# Blizzaks



## The_Goat (Mar 10, 2005)

I was quoted 738.00 for 4 Blizzaks installed, is that a good deal?


----------



## Somewhat_Broken (Mar 6, 2006)

what size and which model, does it include warranty or not, with tax or without?

What place did you get a price from?

PM me if you want


----------



## The_Goat (Mar 10, 2005)

245/45/17's LM25's 732.00 out the door. I got em put on my stock rims yesterday with the intent of buying new rims/tires in the spring. 

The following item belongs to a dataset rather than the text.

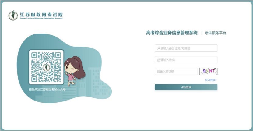 1、输入https://gk.jseea.cn 网址并登录考生服务平台。
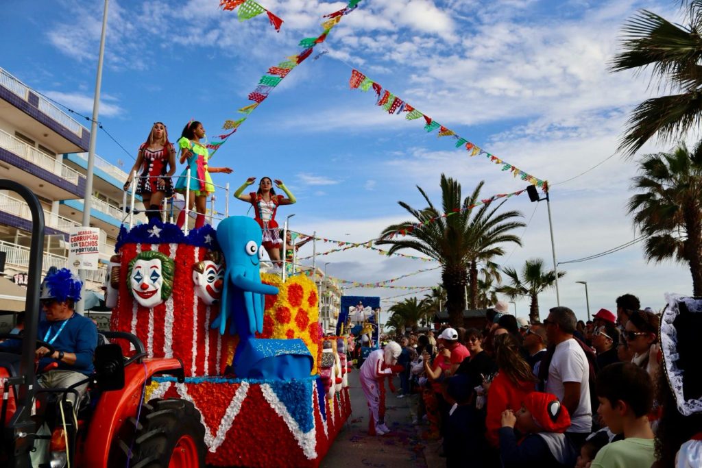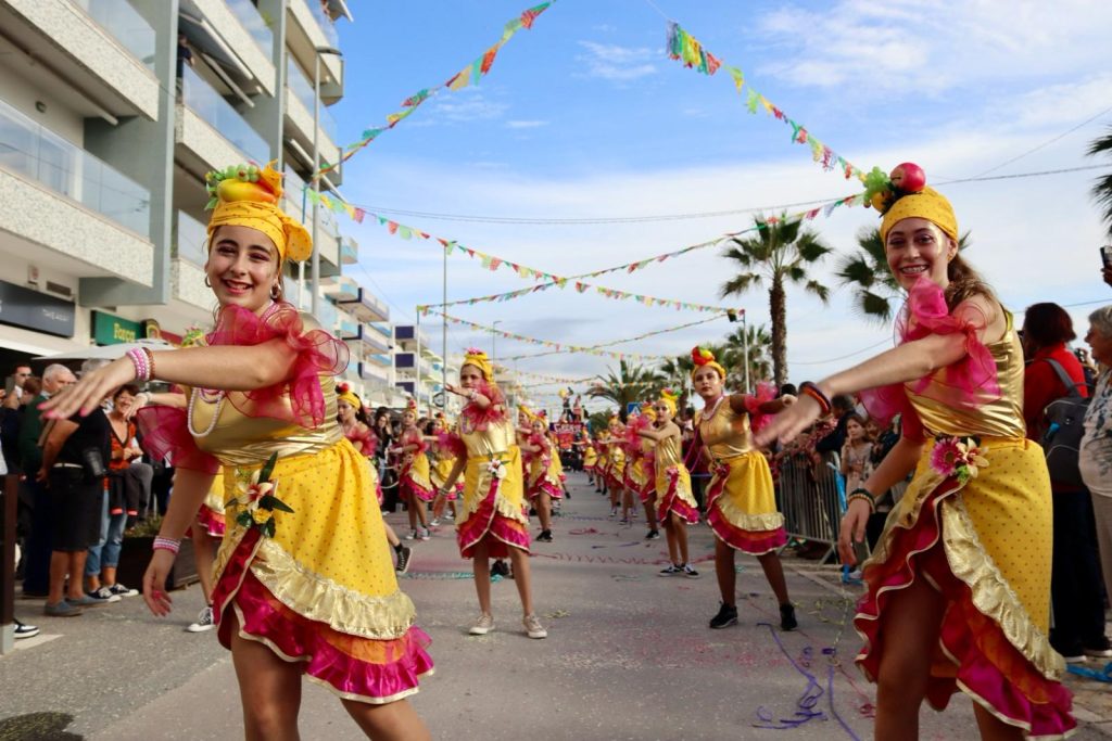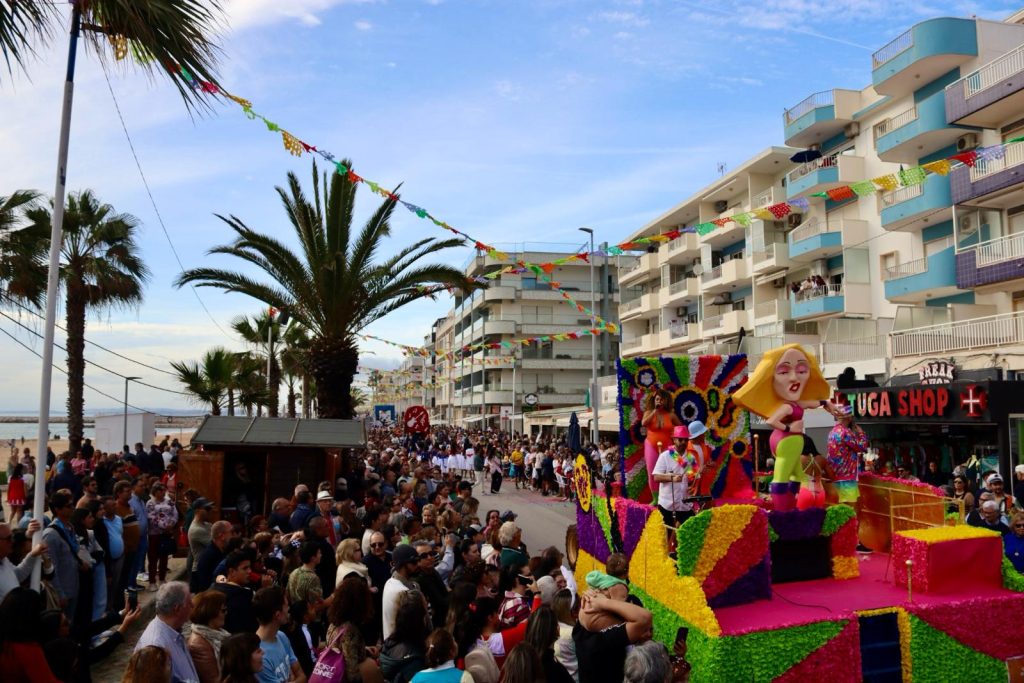 O Carnaval de Quarteira do dia 13 de fevereiro, ao longo da Avenida Infante Sagres, com o corso carnavalesco.

I've got to warn anyone thinking about doing this, I noticed an immediate decrease in handling. I knew it wouldn't be as good as with summer tires but I was not prepared for how..."squishy" the tires feel. Straight line performance, the grip like no other, but any side to side movement and it feels very lose. I mean.. like driving my grandpa's Buick lose.... If you're going to take a curve, they'll grip, but they give initially and that's a scary feeling the first time. I'd liken it to walking with brushes on the bottom of your feet.


----------



## SilverGoat (Oct 30, 2004)

That's what I did. And you are right about the handling, very squishy. Our winters haven't been too bad recently, but when it snows and gets icy performance tires just won't cut it, all-season or not. I don't need to drive like I stole it when it gets cold here so for 6-7 months I just have to take it a bit easy.


----------



## The_Goat (Mar 10, 2005)

Okay, so we had some colder weather last weekend the tires stiffened right up. They grip like hell and I love em!


----------